On 23.09.2014 18:44, Luigi Rizzo wrote:


On Tue, Sep 23, 2014 at 4:36 PM, Adrian Chadd <adr...@freebsd.org <mailto:adr...@freebsd.org>> wrote:

    On 23 September 2014 01:36, Alexander V. Chernikov
    <melif...@freebsd.org <mailto:melif...@freebsd.org>> wrote:
    > On 22.09.2014 23:46, Adrian Chadd wrote:
    >> Hi,
    >>
    >> Yes.
    >>
    >> * grab an ixgbe NIC and the -HEAD driver; (or cxgbe - I haven't
    gone
    >> and written RSS programming code for that just yet);
    >> * patch it to use a symmetric RSS key;
    >> * configure up N queues;
    >> * run an instance of snort on each TX/RX ring from the NIC.
    > Oh, wow.
    > I have a low priority task to do that.
    > Nice to see this in stock fbsd!
    >
    >>
    >> The last step requires that you have snort use netmap rather
    than just
    >> straight bpf - or maybe somehow there's a way to glue bpf into a
    >> single netmap ring.
    > I've wrote snort netmap DAG once, but it does not play well w/o
    > symmetric rss.
    > I've see if I can share it.

    That'd be great!

    I'll see if I can get -HEAD enabled with an optional symmetric RSS
    key.

    It shouldn't be too difficult. The problem is the current RSS setup
    uses the same key for all NICs.
    I _guess_ that isn't going to /really/ be a problem here - unless you
    really want your server to serve lots of traffic /and/ snort :)

    Then we just need a netmap enabled snort :)


​from my (not first-hand) knowledge with IDSes,
i
​believe​
 that the bottleneck is
​ ​
mostly the processing
done in the IDS, rather than
​ ​
the network I/O (provided
it is
​reasonably fast
).
True.

As a result, just running IDS instances on top
of a netmap-enabled libpcap (i.e. no source code
modifications) should do the job.
The problem with snort is that is single-threaded, so you have to (somehow)
split traffic (preserving sessions) and run multiple snort instances on each.

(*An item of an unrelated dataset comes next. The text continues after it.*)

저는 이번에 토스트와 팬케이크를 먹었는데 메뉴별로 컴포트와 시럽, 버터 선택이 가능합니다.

Linux guys do that with pf_ring.
I've created snort netmap DAG to be able to open each NIC queue with different snort process.

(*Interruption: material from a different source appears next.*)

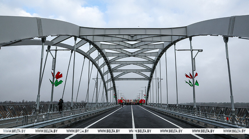 Президент Беларуси Александр Лукашенко 6 ноября открыл в Мозыре обновленный мост через реку Припять, передает корреспондент БЕЛТА.

However, in addition to non-symmetric RSS (which is hopefully being addressed), there is another usual "producer - multuple consumers" problem: one snort process can start process packets very slowly, or hang, or crash. In that case host RX ring is getting full, NIC fails to push packets to given queue and start storing them inside its skid buffer (512k for Niantic afair). After that buffer becomes full traffic and all processing stops.

I know the Bro developers (in Bcc so they can pitch
in if they like) have been playing with some
external traffic demultiplexer that reads from the
NIC (in netmap mode) and passes traffic to IDS
instances using VALE ports or netmap pipes,
all of which are compatible with the netmap-libpcap.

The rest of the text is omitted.